(Entries taken from a collection)
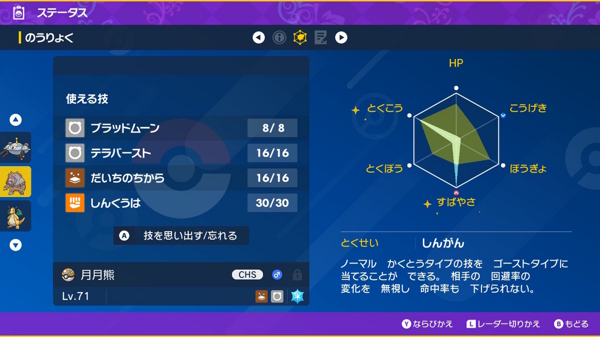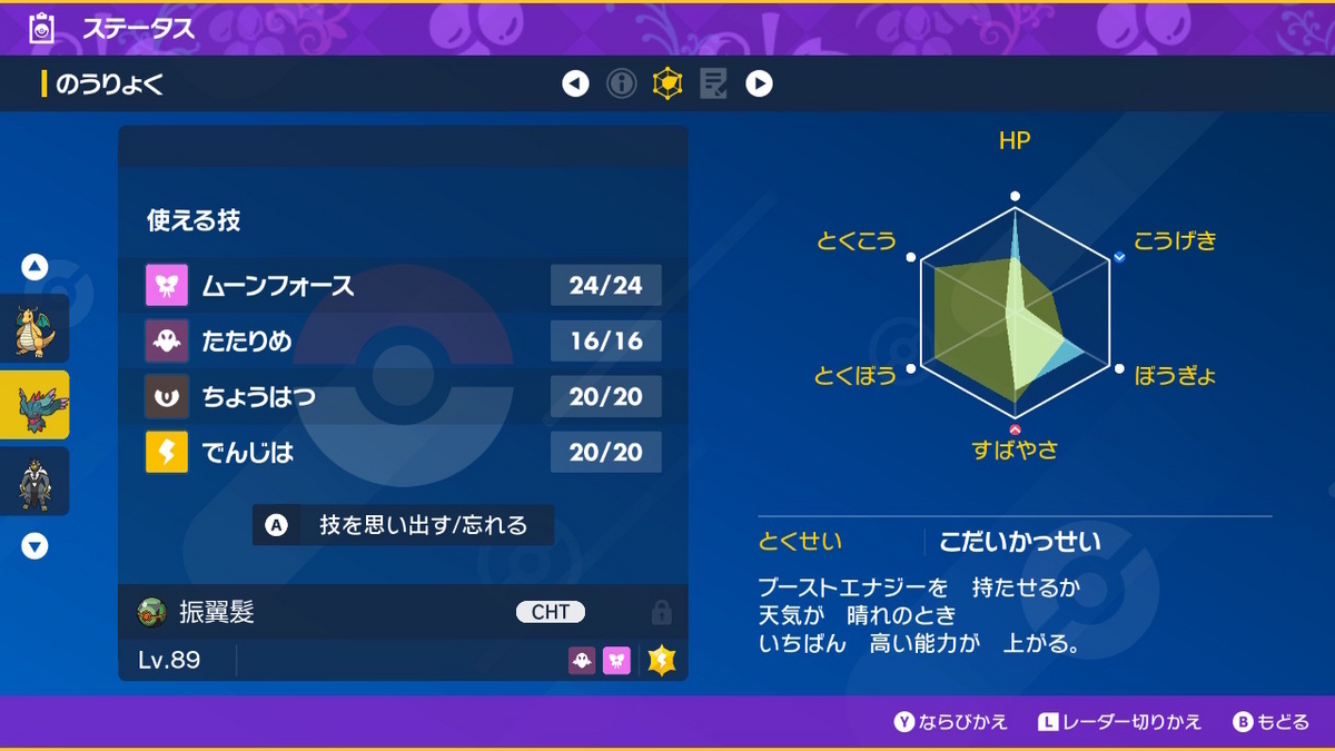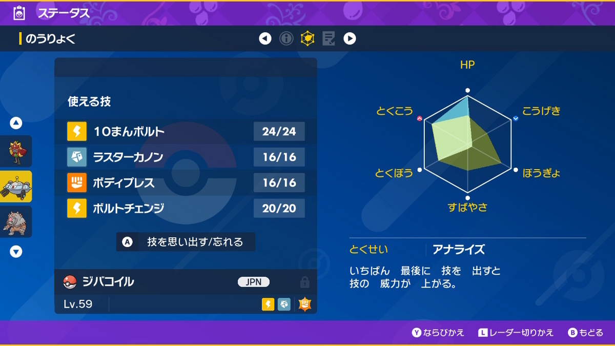 前期から使っていた圧倒的エースポケモン。ラス1に置いた時の信頼感やばかった。
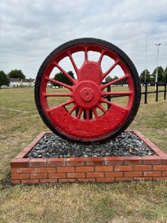 During the early stages of the demolition of the science block in November 2024, the locomotive wheel which had stood in two or three locations outside "the extensions", since, at least 1963, was removed by Manor Park Rugby Club to their home ground at Griff & Coton Sports Club, where it has been sand-blasted, painted in club colours and is displayed on its own plinth. Manor Park Rugby Club has its origins in Manor Park Old Boys RFC formed in 1958. With the closure of the grammar school the "Old Boys" was dropped from the title, but the club retains the wheel from the school badge in its own badge and the red and black team colours. [Photographs Alan Merry and Nik Gajic] More at https://www.pitchero.com/clubs/manorpark/a/history-7770.html If anyone knows where the locomotive wheel came from or exactly when in was installed at the school, please do get in touch.
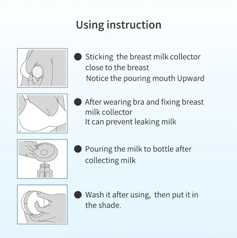 The milk collector is made of silicone resin and PP material, strong and durable, light weight and safe to use.
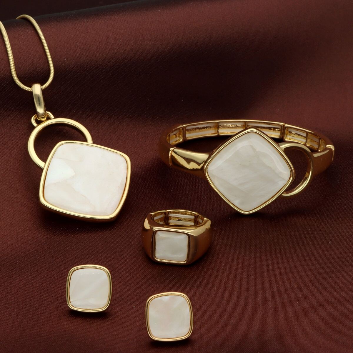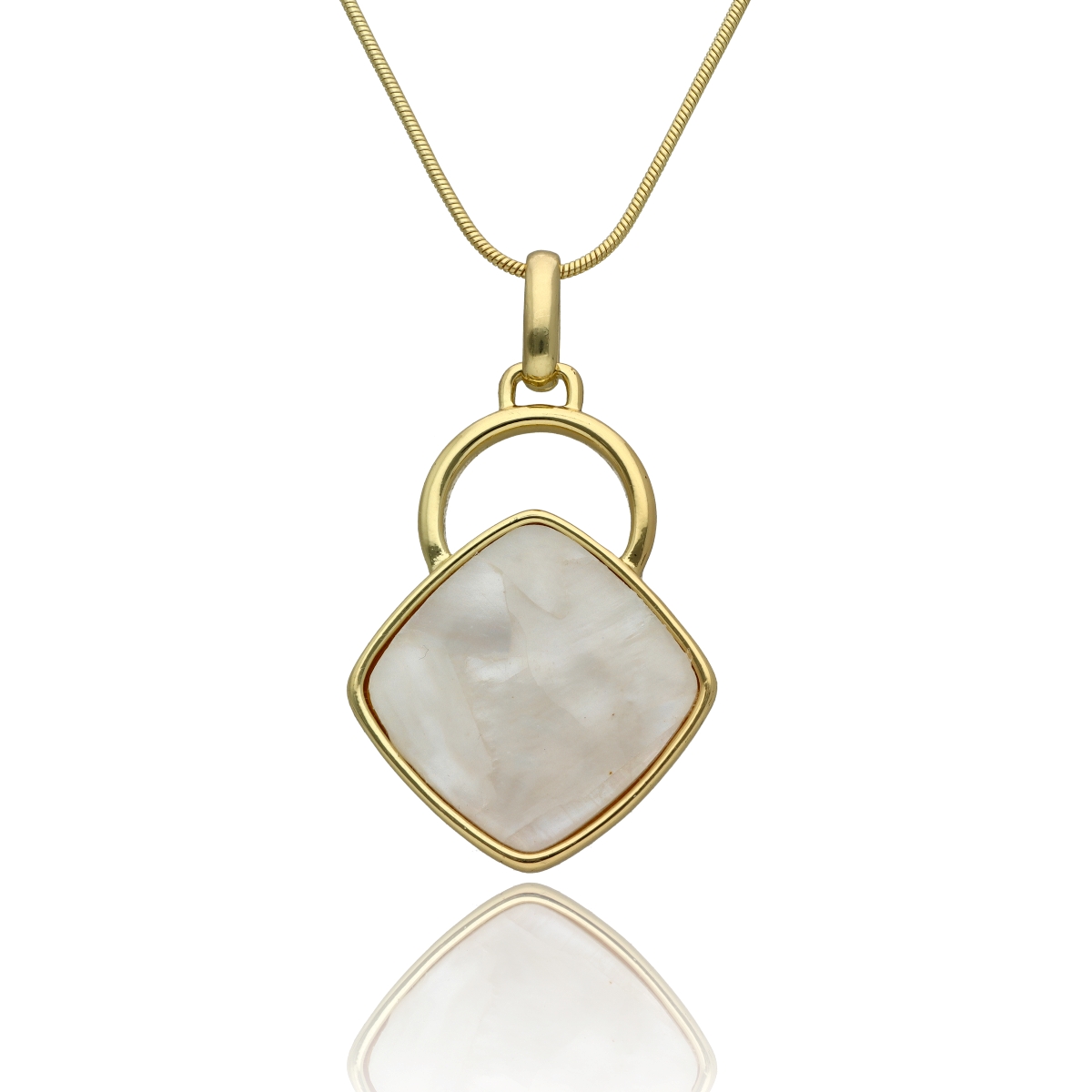 Naszyjnik z muszli naturalnej mlecznej – długość 70 cm + regulacja Elegancki, długi naszyjnik wykonany z metalu antyalergicznego, ozdobiony efektowną zawieszką o długości ok. 5 cm. Zawieszka została wykonana z naturalnej muszli mlecznej, tworząc harmonijne, przyciągające uwagę połączenie. Naszyjnik zapakowany jest w efektowne czerwone pudełko. Do kompletu proponujemy bransoletkę (B), kolczyki (E) oraz pierścionek (R) o tym samym indeksie numerycznym.
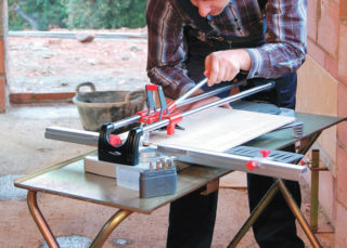 - Placer le mortier sur les carreaux et étaler avec une truelle crantée.
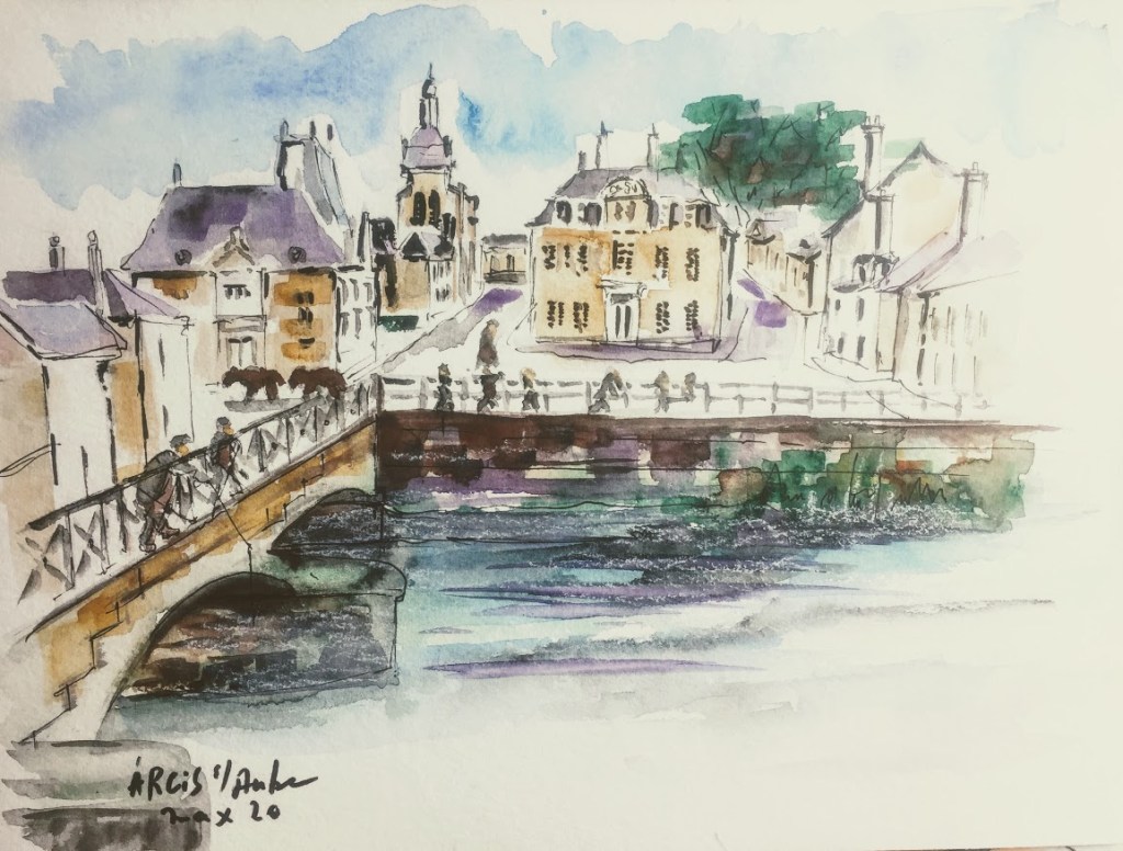 J’ai vécu là pendant quelques années. A l’aide de cartes postales noir et blanc, je revisite les lieux et j’imagine les couleurs. En fait les pierres sont blanches là-bas. Un calcaire crayeux. Je ne respecte donc pas la vérité historique.
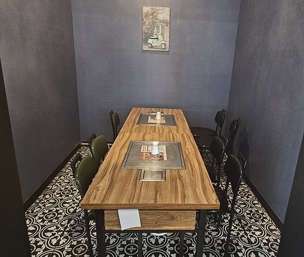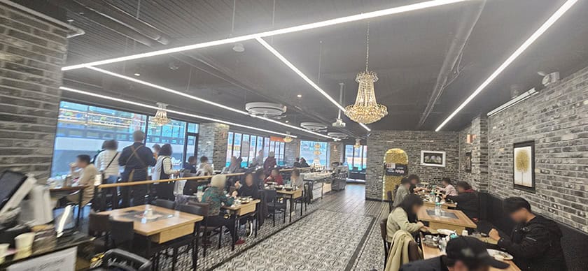 도착하자마자 건물 외관에서부터 뭔가 깔끔하고 고급진 분위기가 느껴졌어요. 입구에 들어서니 나무와 돌로 장식된 짜임새 있는 인테리어가 눈에 확 들어오더라고요. 시선을 사로잡은 건 내부 공간! 엄청나게 넓고 테이블 사이 간격이 넉넉해서 프라이빗한 식사가 가능했어요.
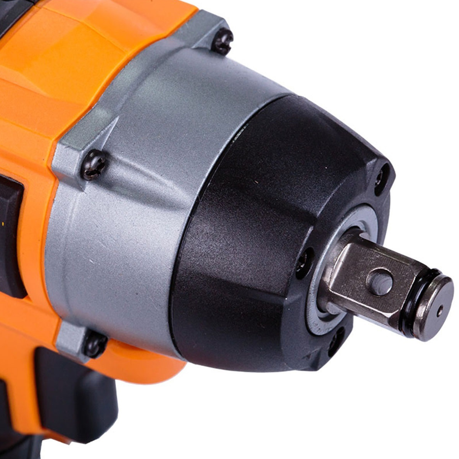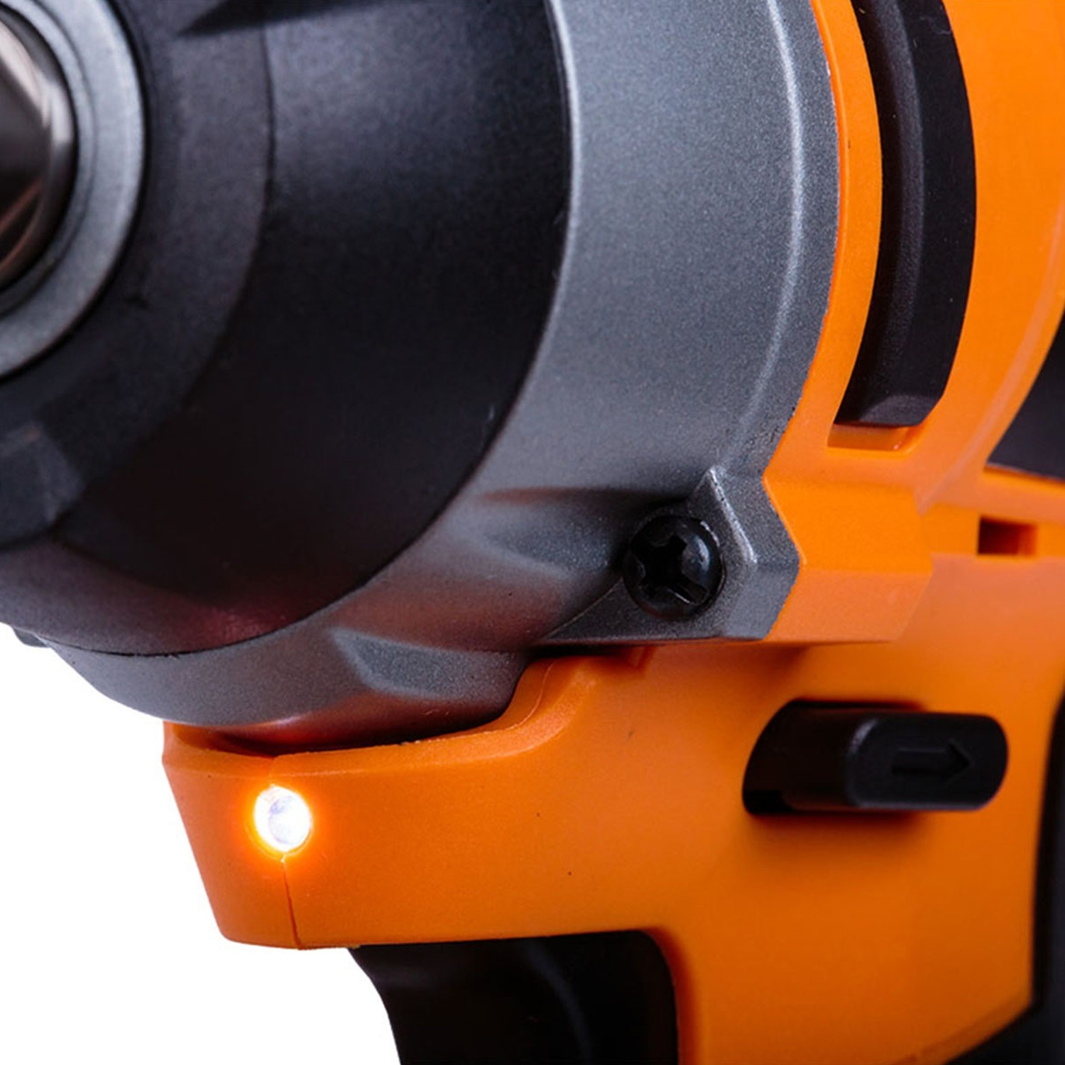 Меcanismul de impact ajută la manipularea conexiunilor dificile și ruginite. Avantajele motorului cu perii includ cuplu mare, încărcătura crescută nu reduce viteza de rotație, lipsa scântei în timpul funcționării garantează siguranța, iar puterea maximă este atinsă instantaneu. Tipul de fixare pătrată 1/2" cu fixare asigură o fixare sigură a capetelor șurubelnite. Mânerul ergonomic cu acoperire antiderapantă oferă o priză sigură pentru controlul instrumentului. Iluminarea zonei de lucru facilitează desfășurarea activităților în condiții de iluminare insuficientă.
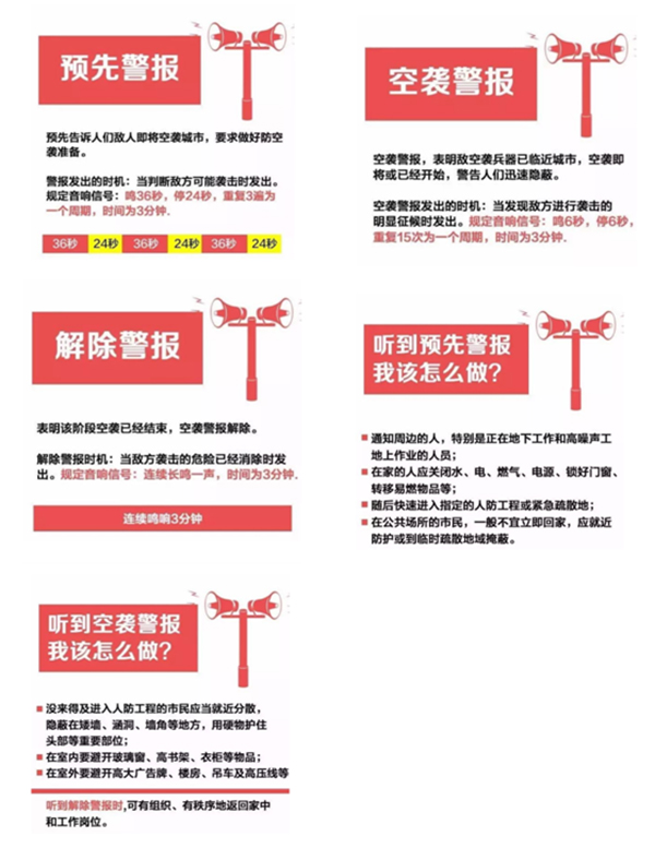 根據(jù)《中華人民共和國人民防空法》、江蘇省《實(shí)施<中華人民共和國人民防空法>辦法》和徐州市防辦要求,為提高全縣人民國防戰(zhàn)備觀念和防空防災(zāi)意識(shí),檢驗(yàn)全縣防空警報(bào)的性能和效果,使廣大市民熟悉防空警報(bào)信號規(guī)定,增強(qiáng)國防觀念,提高人民群眾應(yīng)對突發(fā)災(zāi)害能力,定于9月18日10時(shí)00分至10時(shí)19分,在沛縣進(jìn)行防空警報(bào)統(tǒng)一試鳴。
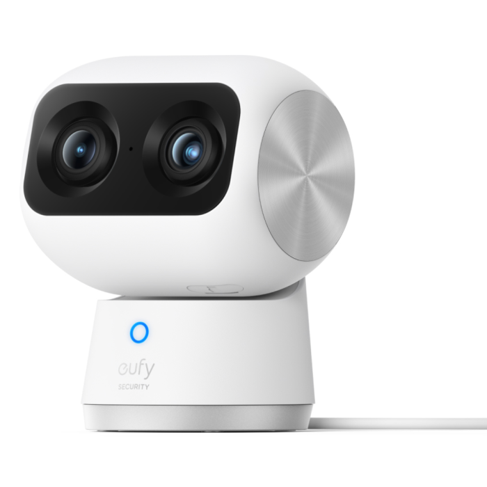 Eufy Indoor Cam S350 Cámara de Seguridad Doble 4K UHD con Zoom 8x, PTZ 360°, IA para Personas y Mascotas, Wi-Fi Doble Banda, Interior, Inalámbrica, Escritorio, Negro/Blanco
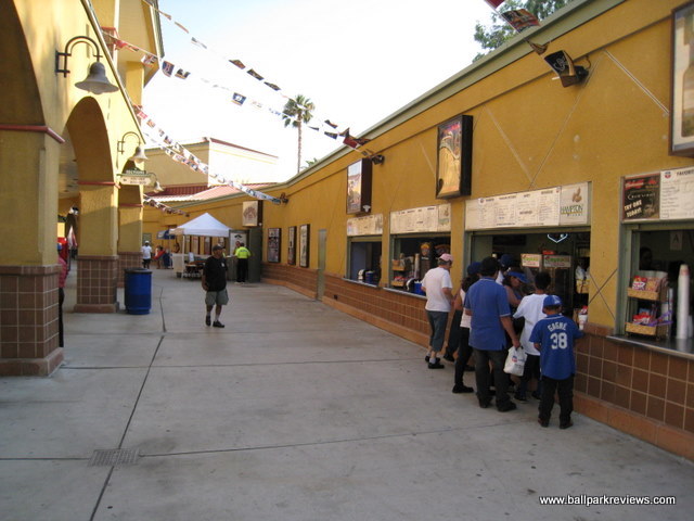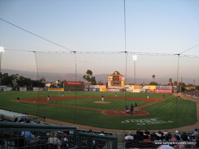 | When you come upon Arrowhead Credit Union Park, there is little mistaking that you are in California. The yellow adobe facade (resembling a mission) and the nicely landscaped exterior with palm trees makes it distinctly Californian. And the same goes for the inside of the park – the San Bernardino Mountains make for a beautiful backdrop. The design of the ballpark doesn't follow the typical new ballpark template with the concourse overlooking the field, but it does mimic the designs of the ballparks in nearby Rancho Cucamonga and Lancaster. So perhaps this design is just a popular trend in California. The concourse area, located behind the seating bowl, is very spacious and is open air due to the absence of any rain. This differentiates it from ballparks in other parts of the country with the same design. Concession stands line the concourse and offer an excellent variety of food options. Included are specialty burgers, tri-tip sandwiches, baked potatoes, Santa Fe nachos, and Mexican (burritos and quesadillas). Quality and prices are about average. Though on the Friday night I attended, they had a great deal – 50 cent hot dogs and quesadillas. This certainly seemed to bring out a lot of fans who were just interested in eating. Another food option is the Pastimes Cafe located down the left field line. The seating is broken into two types – field box seats which run from foul pole to foul pole and reserved seats which are located behind home plate, above the walkway. Unfortunately, many of the sightlines are not so good. The seats past the bags are just too far from the action and the seats in the reserved section are obstructed by many unnecessary railings. A grassy berm is located behind the left field fence for overflow crowds. In addition, there are large picnic areas located behind the seating areas on both the first and third base side. Unlike the picnic areas at most ballparks, these actually provide a pretty good view of the field. Luxury boxes are located at the top of the grandstand. The atmosphere at Arrowhead Credit Union Park also has a rather Californian feel to it, mostly due to the presence of a dance team / cheerleaders. As the home team players were introduced, they ran through the dance team who were lined up with their pom poms. I wasn't sure if I was at a baseball game or a college basketball game, especially since they also performed several dances between innings. There was lots of music played between batters, but sound effects were almost non-existent. Several unique games were played between innings including a toy pickup, a remote car race, and a keg rolling contest. The 66ers also have a mascot, Bernie, who is quite active, but also a bit annoying. He is constantly letting out these little screeches and was dancing on the dugout during the inning, which is a no-no in my book. I do have to compliment the ushers, however. They really seemed interested in ensuring that everyone was enjoying the game. When some fans started to get obnoxious and rude, the ushers politely asked them to settle down. I do have a couple of small complaints about the park, though. First, a new video board is needed – the one they have now is dot matrix and can't be seen until it gets dark. Secondly, there is a bit too much unpainted concrete, especially below the luxury boxes. Would it be asking too much to hang some banners there ? Overall, though, I really did enjoy my visit to San Bernardino. Arrowhead Credit Union Park is clean and fun and the setting is beautiful.

DESCRIPTION OF THE TASK: How would the lines above read from the one with "J’ai vécu là" to the one with "Eufy Indoor Cam", inclusive, with no pictures? Write them out exactly.

PROBLEM SOLUTION:
 J’ai vécu là pendant quelques années. A l’aide de cartes postales noir et blanc, je revisite les lieux et j’imagine les couleurs. En fait les pierres sont blanches là-bas. Un calcaire crayeux. Je ne respecte donc pas la vérité historique.
 도착하자마자 건물 외관에서부터 뭔가 깔끔하고 고급진 분위기가 느껴졌어요. 입구에 들어서니 나무와 돌로 장식된 짜임새 있는 인테리어가 눈에 확 들어오더라고요. 시선을 사로잡은 건 내부 공간! 엄청나게 넓고 테이블 사이 간격이 넉넉해서 프라이빗한 식사가 가능했어요.
 Меcanismul de impact ajută la manipularea conexiunilor dificile și ruginite. Avantajele motorului cu perii includ cuplu mare, încărcătura crescută nu reduce viteza de rotație, lipsa scântei în timpul funcționării garantează siguranța, iar puterea maximă este atinsă instantaneu. Tipul de fixare pătrată 1/2" cu fixare asigură o fixare sigură a capetelor șurubelnite. Mânerul ergonomic cu acoperire antiderapantă oferă o priză sigură pentru controlul instrumentului. Iluminarea zonei de lucru facilitează desfășurarea activităților în condiții de iluminare insuficientă.
 根據(jù)《中華人民共和國人民防空法》、江蘇省《實(shí)施<中華人民共和國人民防空法>辦法》和徐州市防辦要求,為提高全縣人民國防戰(zhàn)備觀念和防空防災(zāi)意識(shí),檢驗(yàn)全縣防空警報(bào)的性能和效果,使廣大市民熟悉防空警報(bào)信號規(guī)定,增強(qiáng)國防觀念,提高人民群眾應(yīng)對突發(fā)災(zāi)害能力,定于9月18日10時(shí)00分至10時(shí)19分,在沛縣進(jìn)行防空警報(bào)統(tǒng)一試鳴。
 Eufy Indoor Cam S350 Cámara de Seguridad Doble 4K UHD con Zoom 8x, PTZ 360°, IA para Personas y Mascotas, Wi-Fi Doble Banda, Interior, Inalámbrica, Escritorio, Negro/Blanco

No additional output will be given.